If you’re spinning metal on wax, this is a layup. Schizophrenia vinyl puts weight behind the kick drums and lets those quick right-hand rhythms bloom, and the pacing of the album side to side still makes perfect sense. I’ve already had a few mates ask where to find Cavalera vinyl locally, and any decent Melbourne record store should have it in the new releases, though it’s just as easy to buy Cavalera records online if your local is sold out. For those building a shelf of Brazilian heavy hitters, lining up Cavalera albums on vinyl with the original Sepultura pressings is a neat way to trace the lineage. It also helps that Nuclear Blast have kept these packages straightforward and fan-friendly, which matters for anyone in the vinyl records Australia crowd trying not to get fleeced.

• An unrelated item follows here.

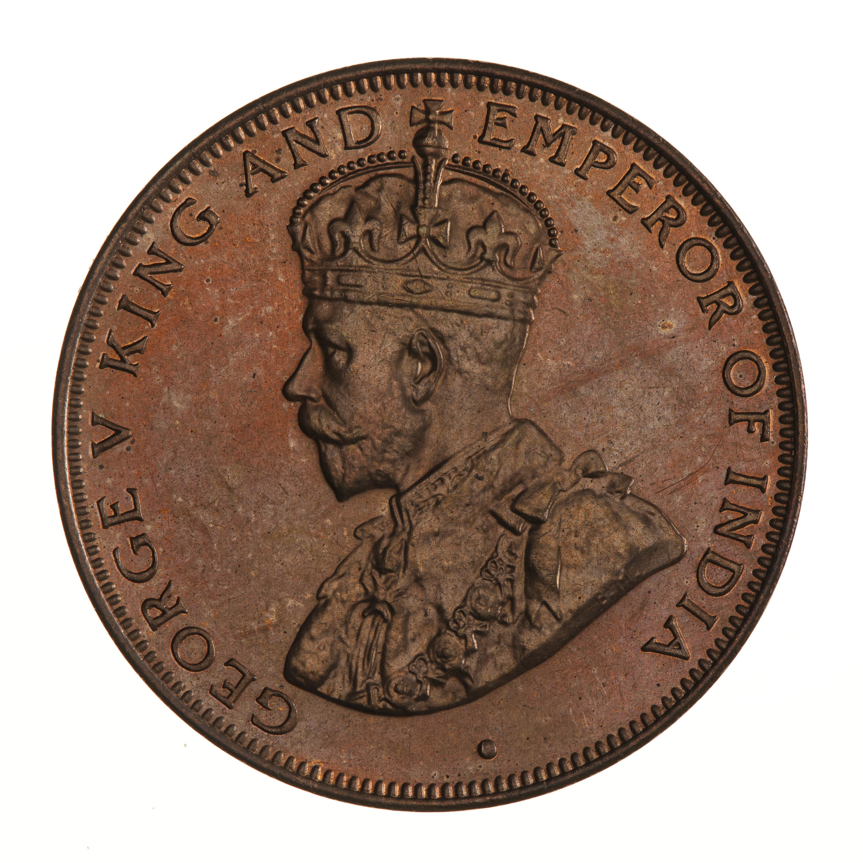 Crowned bust of George V facing right; around, GEORGE V KING AND EMPEROR OF INDIA

Reception across the heavy music press has been what you’d expect for a project this focused. Longtime fans get a punchier, meaner version to blast in the car, and new listeners get a gateway into a catalogue that shaped the 90s. The big win is that nothing here feels perfunctory. The brothers attack Schizophrenia like it still proves something, and in a way it does. It proves that the spark from those early days wasn’t a trick of the tape or a quirk of youth. It was craft and hunger, and it still crackles.

If you know these songs by heart, hearing them with this much heft is a thrill. If you are new to early Cavalera-era material, this is the cleanest entry point you could ask for. Either way, drop the needle, let From the Past Comes the Storms rip, and remember why this chapter of Brazilian metal still looms so large.